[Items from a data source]
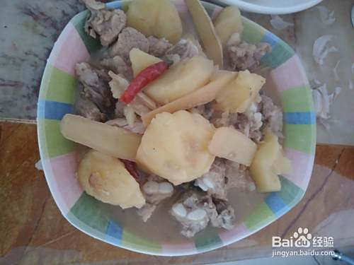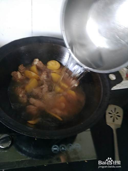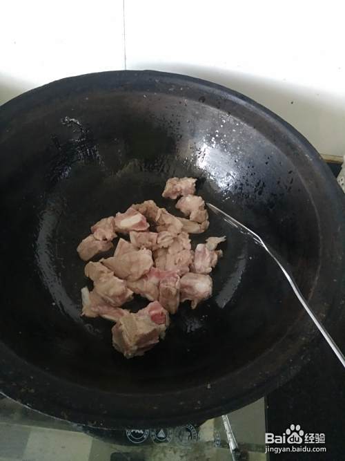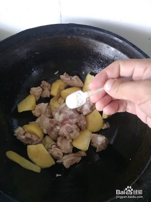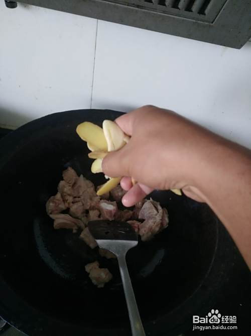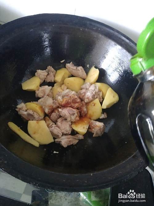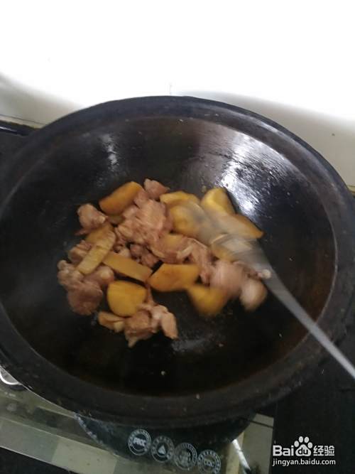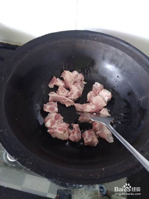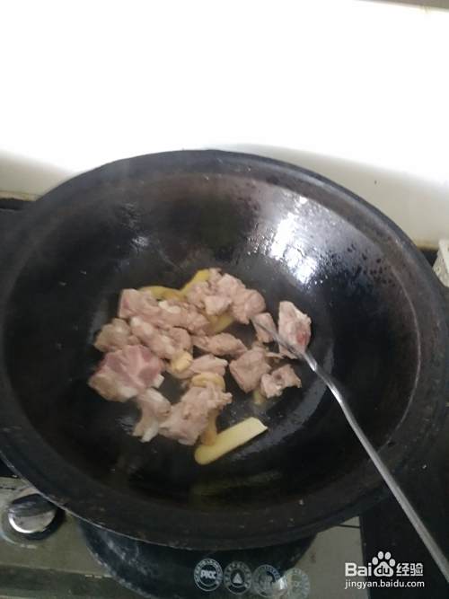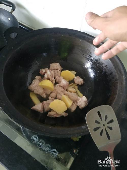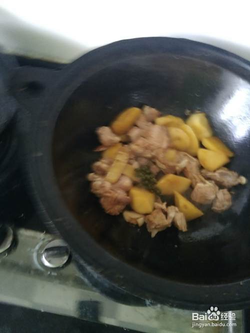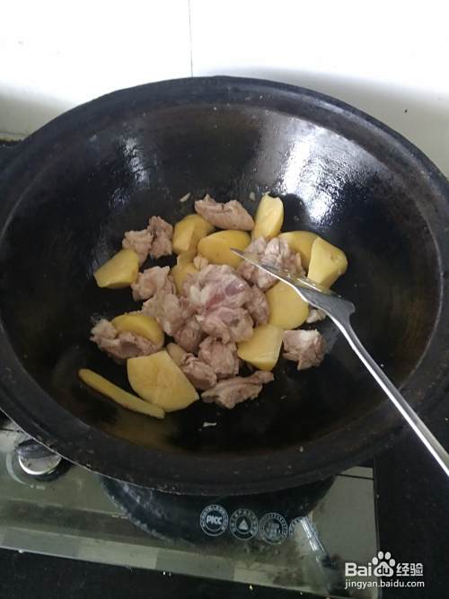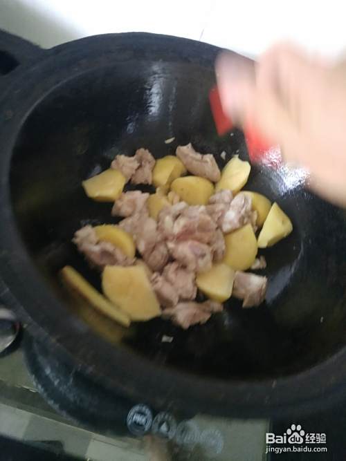 将猪脆骨下锅炒香后下入蒜瓣后翻炒均匀,再下入切好的土豆块继续翻炒
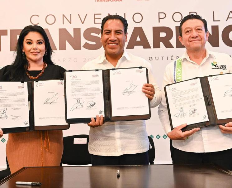 El gobernador Eduardo Ramírez Aguilar participó en la firma del Convenio por la Transparencia donde reiteró que su administración tiene un único compromiso: servir al pueblo de Chiapas, por lo que subrayó la importancia de este acuerdo, el cual garantiza una adjudicación de obras de manera transparente y simboliza la voluntad de hacer las cosas bien, para fortalecer la confianza de la gente en sus autoridades.
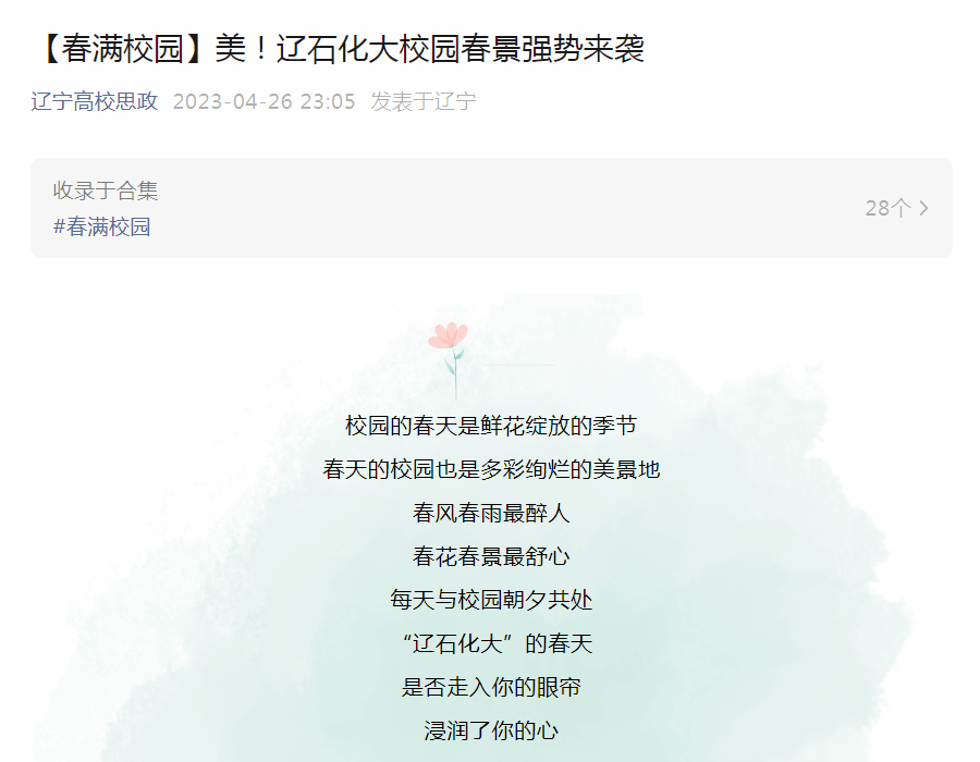 編者按:4月26日,遼寧高校思政微信公眾號發布了微文《美!遼石化大校園春景強勢來襲》,對我校的美麗校園春景進行了宣傳報道。現將相關報道轉載如下:
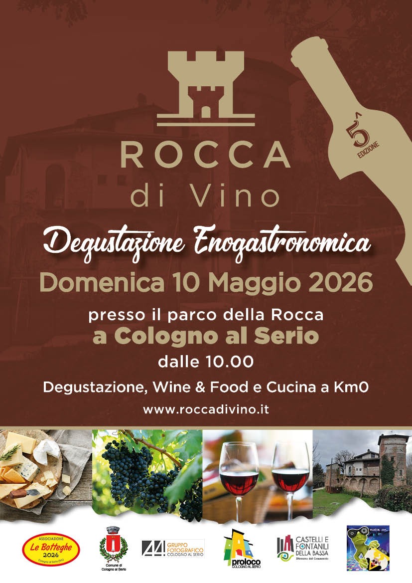 Parte la quinta edizione di ยซRocca di Vinoยป, domenica 10 maggio a Cologno al Serio nella splendida cornice di Parco Rocca si terrร la giornata dedicata al vino, al territorio e al valorizzare le tradizioni.
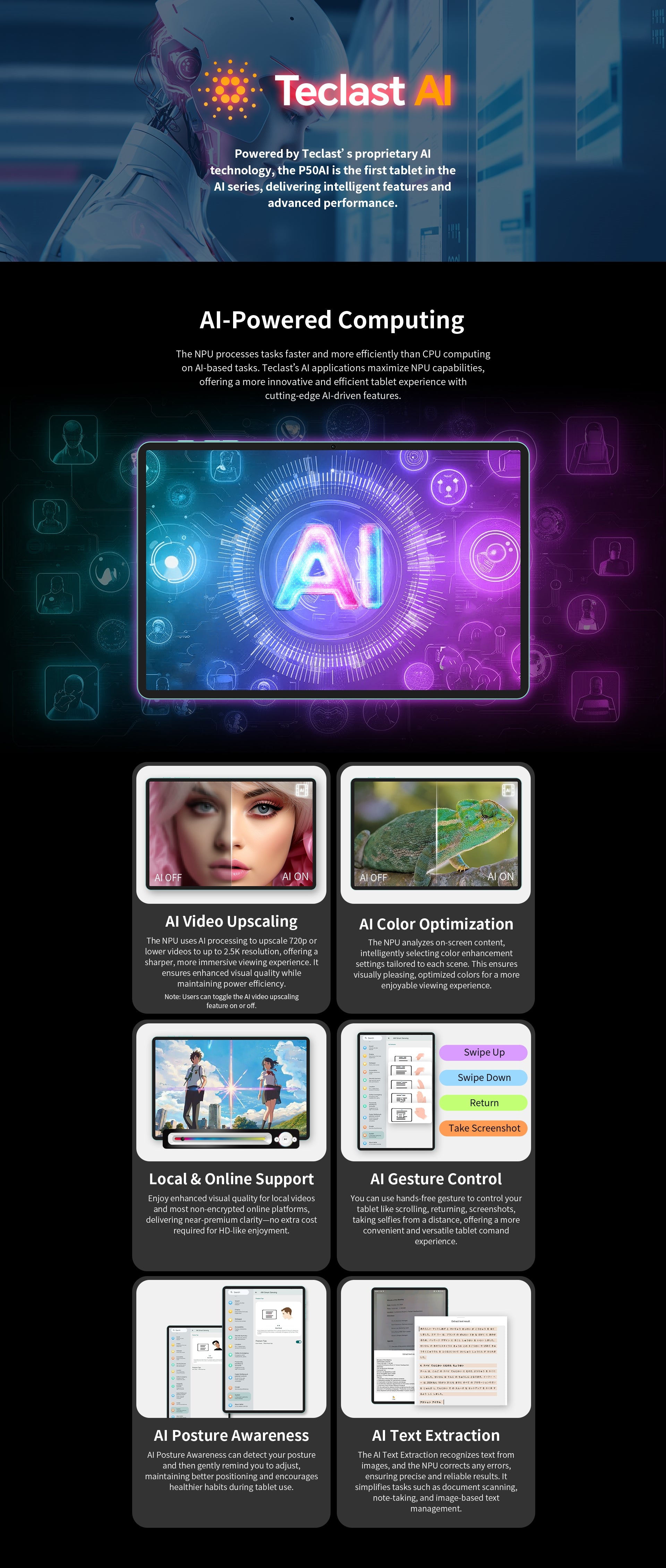 [AI en action] Découvrez des fonctionnalités intelligentes telles que la mise à l'échelle vidéo IA pour des visuels améliorés, le contrôle gestuel IA pour une interaction sans contact, l'extraction de texte IA pour une reconnaissance efficace du texte et la détection de la posture IA, favorisant une expérience de tablette plus saine.
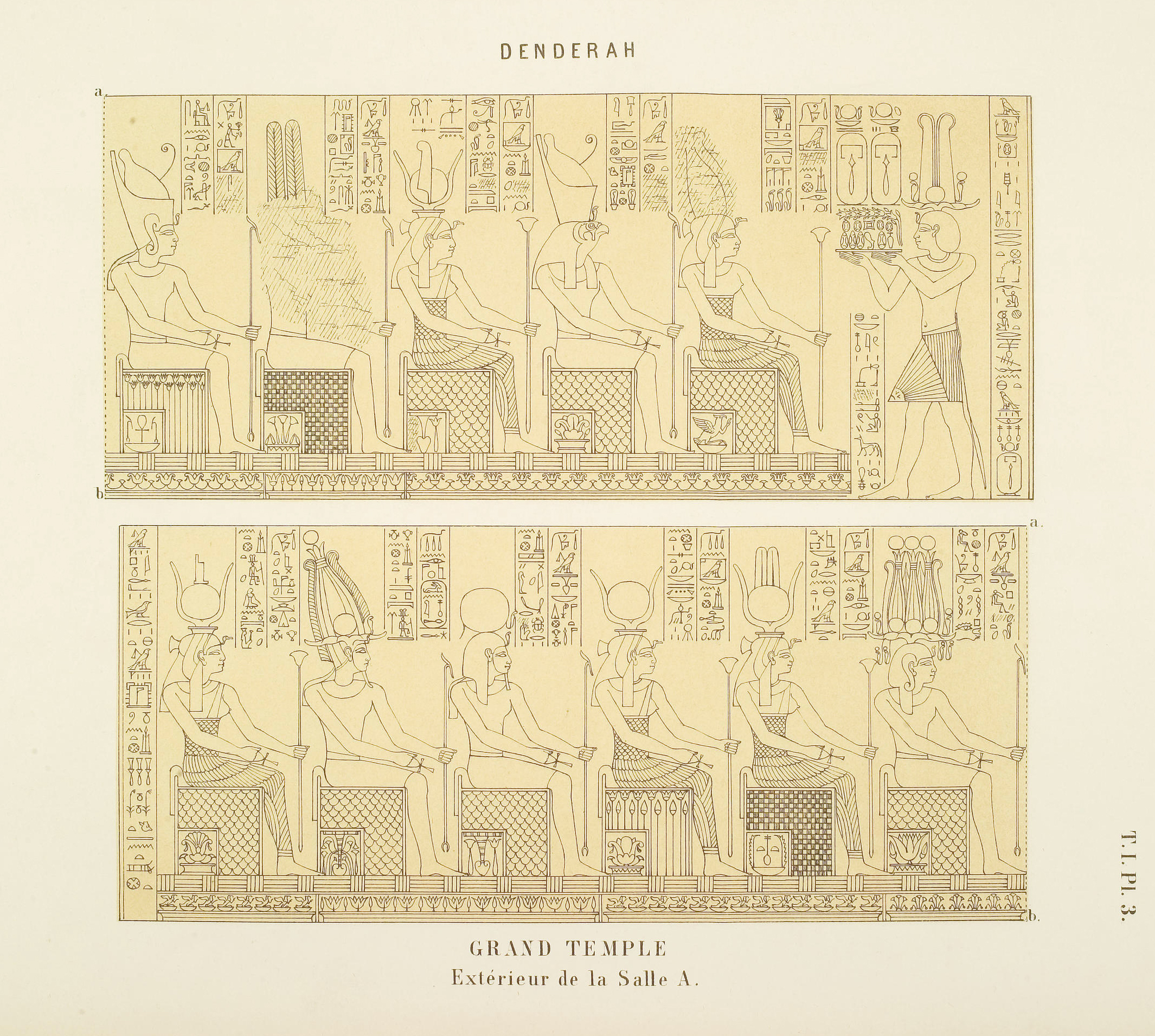 "Ptolemy IV Philopator and Arsinoe III built a temple dedicated to Hathor and Maat at Deir el-Medineh..." (Footnote 5, page 99) There is a "close connection between Maat and Hathor, particularly in the Late period; on the association of the two deities, see Derchain 1972, pp. 39-40." (page 107) I found Philippe Derchain's book title in a list of references: _Hathor Quadrifons: Recherches sur la Syntax d'un Mythe Égyptien_. Written in French! I was luckily able to find a copy, but it's written in French. (Insert pouty face :( ) So I brought up the reverso.net page and got to work. Fortunately, the text allowed copy and paste, and the character recognition on it wasn't too bad. Between reverso.net and my high school French studies, I was able to hammer out something meaningful, but am breaking it up a bit spacewise for better digestion:
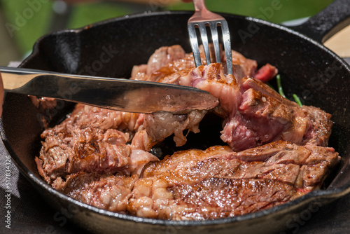 スキレット鍋で焼いたステーキ肉をナイフとフォークを使って食べる
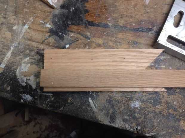 Voltea la pieza y hacer lo mismo con su larga recta pedazo de chatarra, pone abajo a la derecha en la línea de centro de dos piezas angulares, pegamento y seguro abajo con clavos.
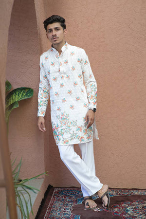 This OFF WHITE BIREDS SCHIFFLI DAMAN PRINTRD KURTA WITH PAJAMA Is Created by Riwaaz Kurta, This full stitched Kurta Is Made of Rayon Schiffli Fabric With Having digital Printed Prints Over It. Our Attractive Prints Add More Charm to Your Look, Wear This at Any Time Because the Fabric Is So Smooth to Skin That You Will Love It.
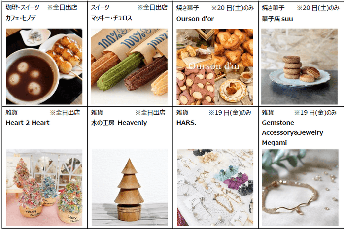 クリスマスの雰囲気を楽しめるお料理や温かい飲み物、さらにギフトにお勧めのお菓子や雑貨などが登場。約25店舗のお店が日替わりで立ち並びます。
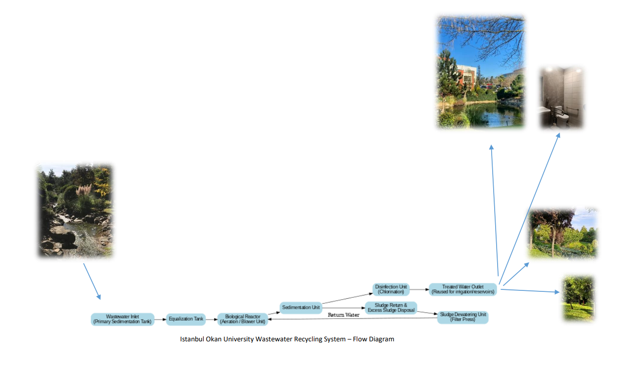 İstanbul Okan Üniversitesi’nde tüm binalarda atık su ve temiz su (yağmur suyu) için ayrı kanalizasyon sistemleri bulunmaktadır. Üniversitemizde kirli ve atık suyun çevreye karışmasını önlemek amacıyla bir su arıtma sistemi bulunmaktadır. Evsel atık sular, günlük 200 m³ kapasiteli 5 biyolojik arıtma sistemi ile arıtılmaktadır.
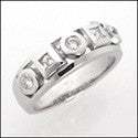 Wedding .75 Cubic Zirconia Round and Princess Bezel CZ Band 14K White Gold
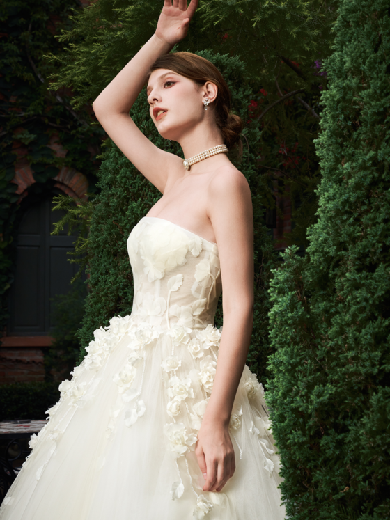 Laser-cut organza leaves are crafted into 3D flowers blooming across dress, adorned with shiny pearls and lace motifs - a...
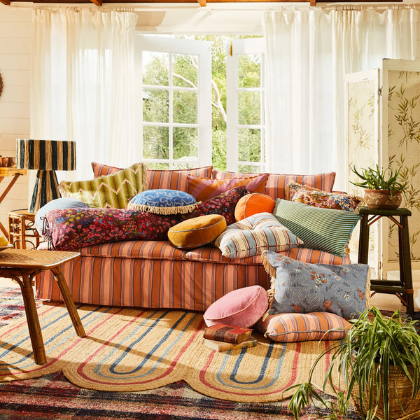 "Homely and warm, the beauty of our Bundi cushion is in its joyful simplicity. Indulge in the nostalgia of our vintage-inspired striped design and embrace its soothing sunset tones". – Phoebe’s Style Notes

**Task objective**
Starting with the line that contains "Wedding .75 Cubic", repeat each line exactly through the last line of the data above, and nothing more; the pictures stay out.

**Your solution**
 Wedding .75 Cubic Zirconia Round and Princess Bezel CZ Band 14K White Gold
 Laser-cut organza leaves are crafted into 3D flowers blooming across dress, adorned with shiny pearls and lace motifs - a...
 "Homely and warm, the beauty of our Bundi cushion is in its joyful simplicity. Indulge in the nostalgia of our vintage-inspired striped design and embrace its soothing sunset tones". – Phoebe’s Style Notes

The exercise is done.